Source DB:  PubMed          Journal:  J Am Chem Soc        ISSN: 0002-7863            Impact factor:   15.419


Protein kinases transfer phosphoryl onto side chains of protein residues (typically Ser, Thr, and Tyr).[1] Their activity is often triggered or modulated by phosphorylation on a so-called activation loop (Figure 1),[2] which causes a change in conformation.[3] In this way, kinases in a specific sequence generate consequential phosphorylation events that lead to amplifying cascades in one of the dominant modes of intracellular signaling and regulation (Figure 1a).[5] p38α mitogen-activated protein kinase (MAPK) is implicated in critical widespread events such as inflammation,[9] somatic,[10] cardiac,[11] and neural[12] cellular regulation.
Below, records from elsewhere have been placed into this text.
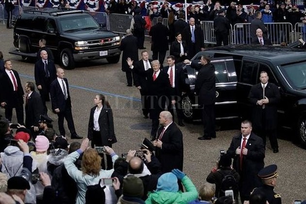 El desfile comenzó con una serie de bandas militares. Trump, su esposa Melania, el vicepresidente, Mike Pence, y su esposa Karen, presenciaron esa primera parte desde las escalinatas del Capitolio y luego se subieron a dos autos blindados para emprender ellos también el camino hasta la Casa Blanca, el futuro hogar y oficina del magnate republicano.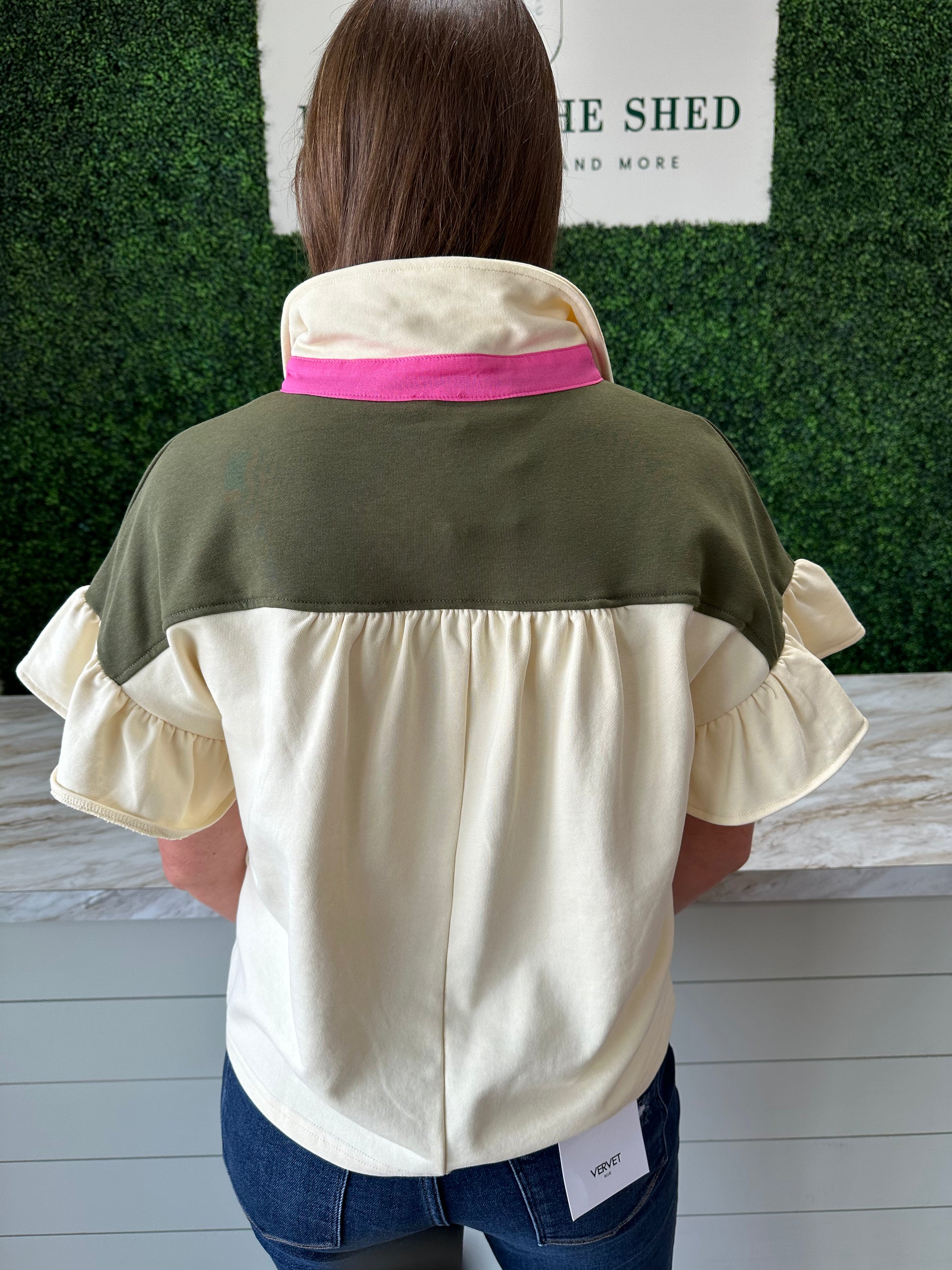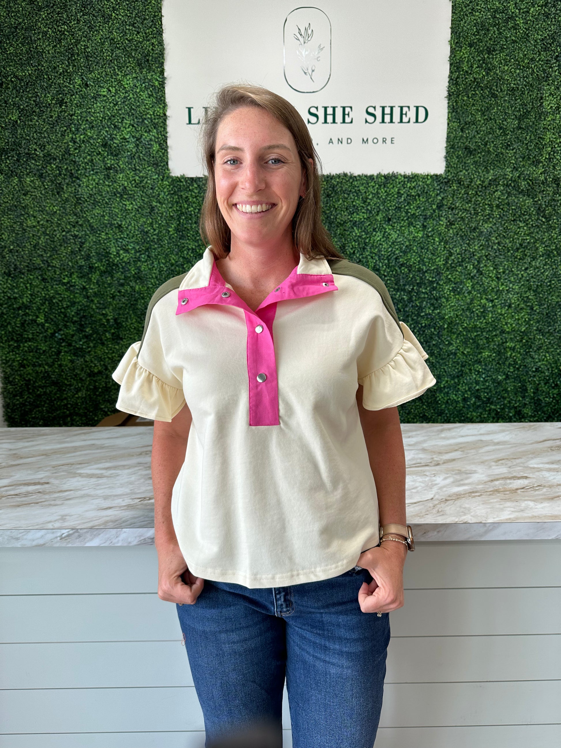 The ruffle sleeves and eye-catching color block design will make you stand out in any crowd. Plus, the button detail adds a unique and stylish touch. Elevate your everyday look with this must-have top!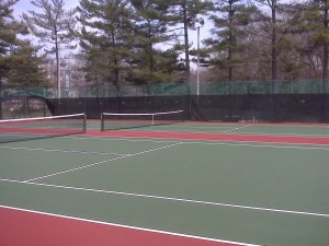 Lots of work to clean the tennis courts in the fall but the scenes are just marvelous. The County repaved the 4 courts at the Whitney Pond.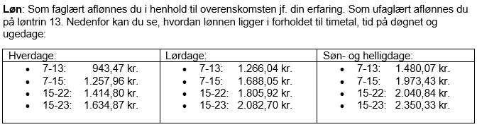 Din arbejdstid vil ligge på alle ugens 7 dage mellem kl. 7.00 og 23.00. Vagterne er primært af 6, 7 eller 8 timers varighed.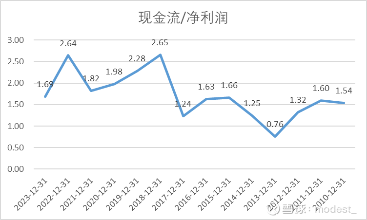 现金流/净利润:公司经营活动现金流除以净利润的比值23年为1.69,最近一些年大概比值在2左右。可以看到公司的现金流含金量还是比较高的。也很好理解,公司固定资产较大,现金流比净利润高主要是因为折旧导致的。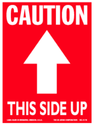Clarify the orientation your packages are meant to ship in with these Arrow Labels to ensure that your shipments arrive safely to their destination. These "Caution This Side Up" rectangle labels are paper with permanent pressure sensitive adhesive on the back. Labels are packaged and sold in quantities of 1000 (2 Rolls of 500).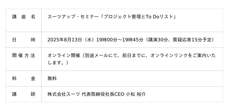 スーツアップ 無料お試しはコチラ1.スーツアップ・セミナー「プロジェクト管理とToDoリスト」概要当社では、2025年8月13日(水)19時から、当社代表の小松が講師を務めるスーツアップ・セミナー「プロジェクト管理とToDoリスト」を無料開催します。
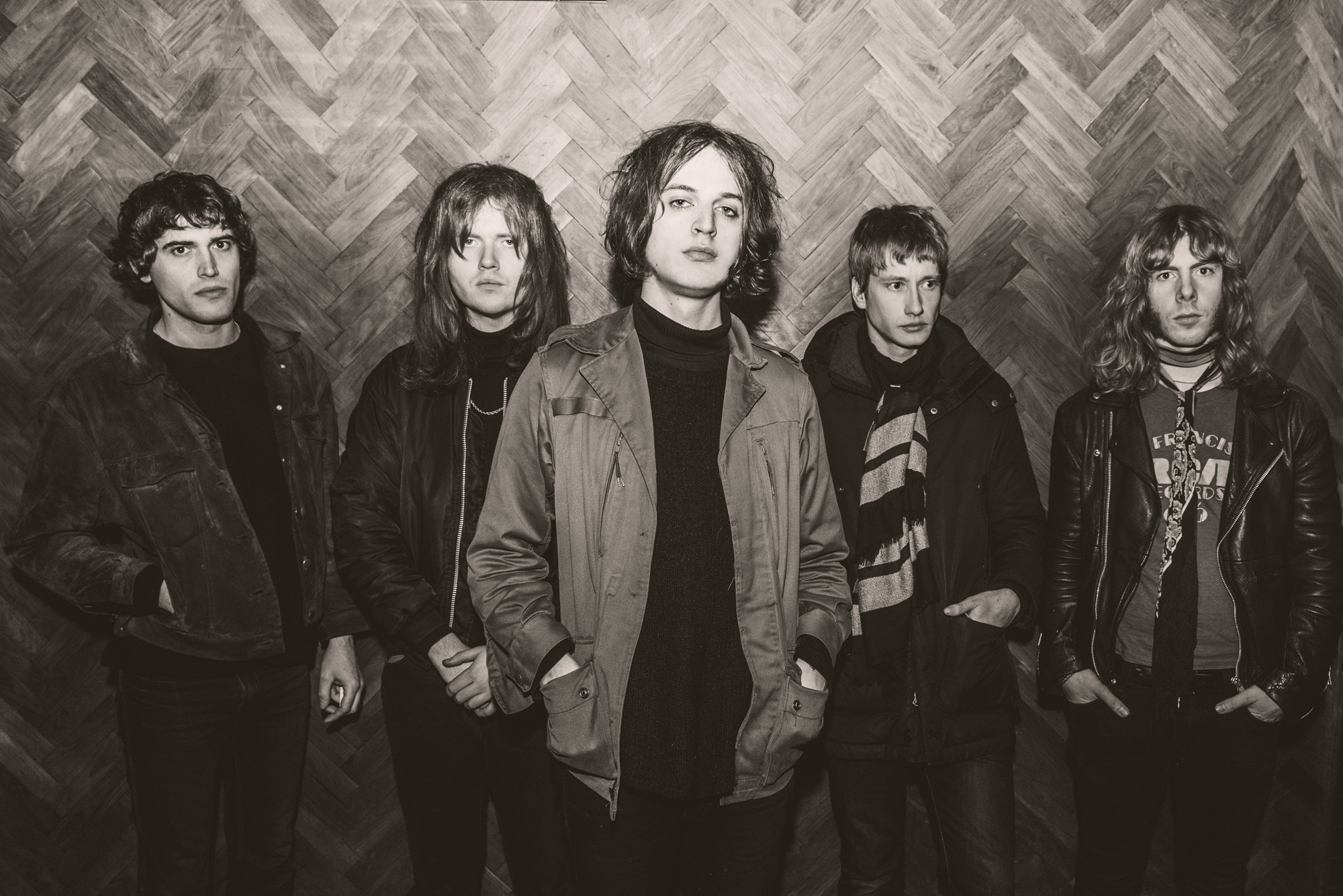 We meet the five of them: Barron, singer and guitarist Tom Dougall, guitarist Dominic O’Dair, drummer Charlie Salvidge and new keyboard player Max Oscarnold in a café to talk about Clear Shot, the musical and personal context that influenced it, and how they feel about being bracketed by genres, specifically psychedelia.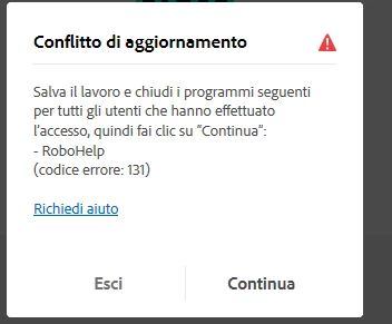 I have to update robohelp 2022.2.22..in robohelp 2022.5.0.(I have a subscription) but I can't. The blocking error code is 131. I closed the pending TASKS from ACTIVITY MANAGEMENT but it still doesn't work. What can I do? thanks daniela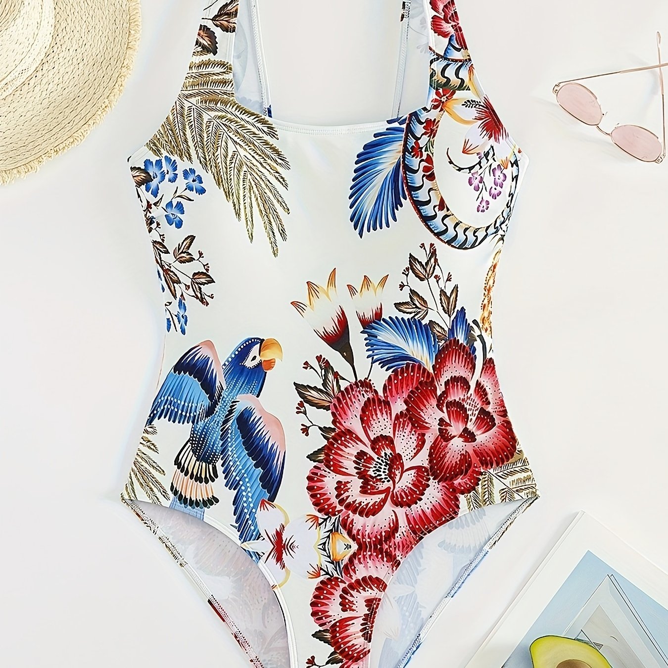 TEMU Plus Size Bird Floral Print Backless One-piec...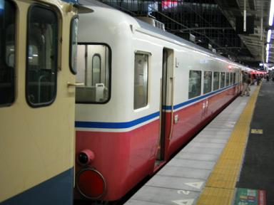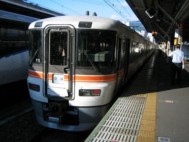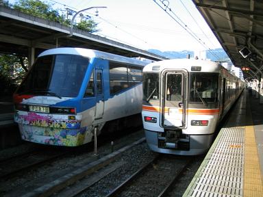 373はいつもどおりの乗車率といった感じで、比較的好きなところに腰掛けられる。海側をとるか山側をとるか、いつもは海側に座るがたまには富士山を見ながらいくのもいいなっと思って山側に座る。多摩川を越え、神奈川県に入り、横浜を過ぎる頃には、朝早く起きたことがたたり、早速一寝入りする。次に起きたのは曇り空の中の真鶴付近。ってことはせっかく山側に座ったのに、富士山は見えないってわけだ。(笑)。熱海では毎回恒例の写真撮影。今回はまもなく引退が噂される伊豆急リゾート21との2ショット。丹那トンネルを抜けて、JR東海管内の函南へ。沼津を過ぎた辺りで再び眠りに付き、気がつくと東静岡。静岡では2分接続でホームの反対側への211系浜松行に乗り換える。373系から比べると味気ないが、最近は、ロングシートで東海道線を下るのにもだいぶ抵抗がなくなった。豊橋からは新快速に乗り換えて名古屋を目指す。相変わらず4両編成の313系は満員状態だが、向かい合わせになった4人席になんとか座らせて貰う。18きっぷの時期しか乗らないので、普段はよく分からないが、名古屋圏の新快速はやっぱり4両ではちょっと短い感じがする。少なくても6 両編成にはして欲しいところだ。

It is the most studied protein kinase[13] and the most targeted therapeutically.[14] Once the MAPK cascade is triggered by external receptor engagement (Figure 1a), “upstream” kinases are activated that in turn activate p38α. This occurs naturally by phosphorylation at Thr180 and Tyr182 in the activation loop (Figure 1b).[16] p38α, in turn, phosphorylates other protein substrates, including activating transcription factor 2 (ATF2), which is implicated in many roles, including pathways that, when disregulated, lead to melanoma.[17]
Figure 1

(a) p38α and the MAP kinase cascade (shown here for ATF2 activation). (b) Structure, design, and synthesis of synthetically phosphorylated p38α; box shows sites of natural (180, 182) and unnatural (172) phosphorylation in the activation loop.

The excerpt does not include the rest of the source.